**INFORMATION PROVIDED:**

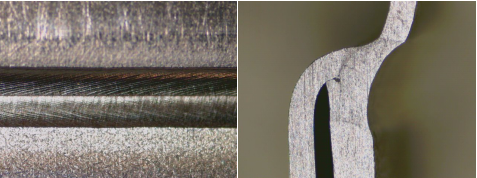 圖3(b)為焊縫橫截面,此焊縫為不等板厚拼接焊,焊縫正面飽滿無任何塌陷、咬邊現象,焊縫背面平整無燒蝕塌陷;焊縫深度不小于0.3mm,且焊縫內無任何氣孔等缺陷,完全滿足保溫杯使用強度及氣密性要求。
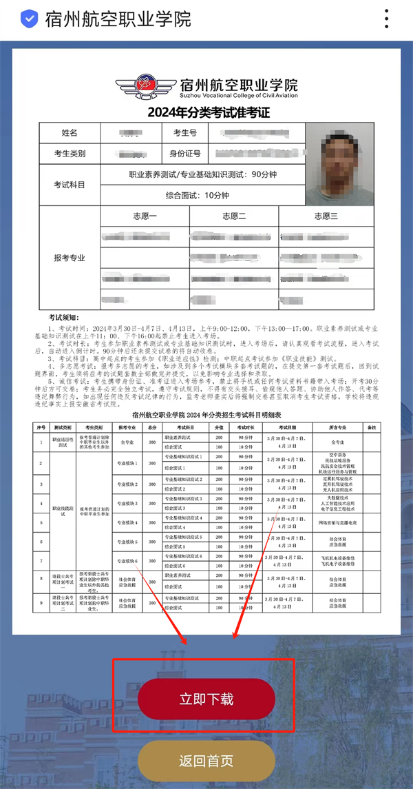 4.点击“立即查询”后,即可查看准考证信息,请考生仔细核对个人信息👩🏭,核对无误后🥴,点击下方“立即下载”,下载准考证。
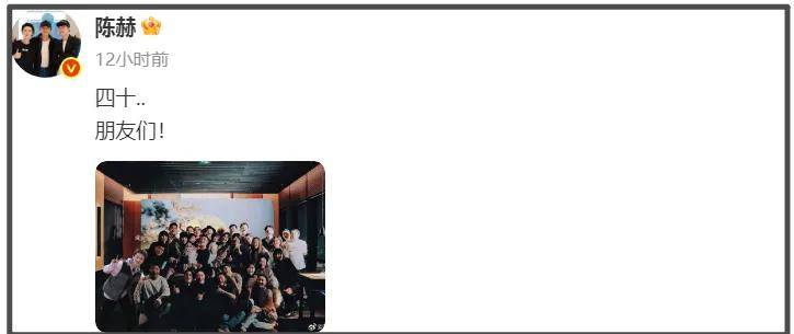 陈赫40岁啦!他分享了与朋友们一起庆生的大合影,照片中合影人数多达30多位,当中有邓超、鹿晗、范志毅、老舅等圈内好友,也有妻子张子萱和两个女儿,氛围很温馨。

**TRY IT:**
Retype the full listing above precisely. Exclude each picture you find in it.

**EXERCISE OUTPUT:**
 圖3(b)為焊縫橫截面,此焊縫為不等板厚拼接焊,焊縫正面飽滿無任何塌陷、咬邊現象,焊縫背面平整無燒蝕塌陷;焊縫深度不小于0.3mm,且焊縫內無任何氣孔等缺陷,完全滿足保溫杯使用強度及氣密性要求。
 4.点击“立即查询”后,即可查看准考证信息,请考生仔细核对个人信息👩🏭,核对无误后🥴,点击下方“立即下载”,下载准考证。
 陈赫40岁啦!他分享了与朋友们一起庆生的大合影,照片中合影人数多达30多位,当中有邓超、鹿晗、范志毅、老舅等圈内好友,也有妻子张子萱和两个女儿,氛围很温馨。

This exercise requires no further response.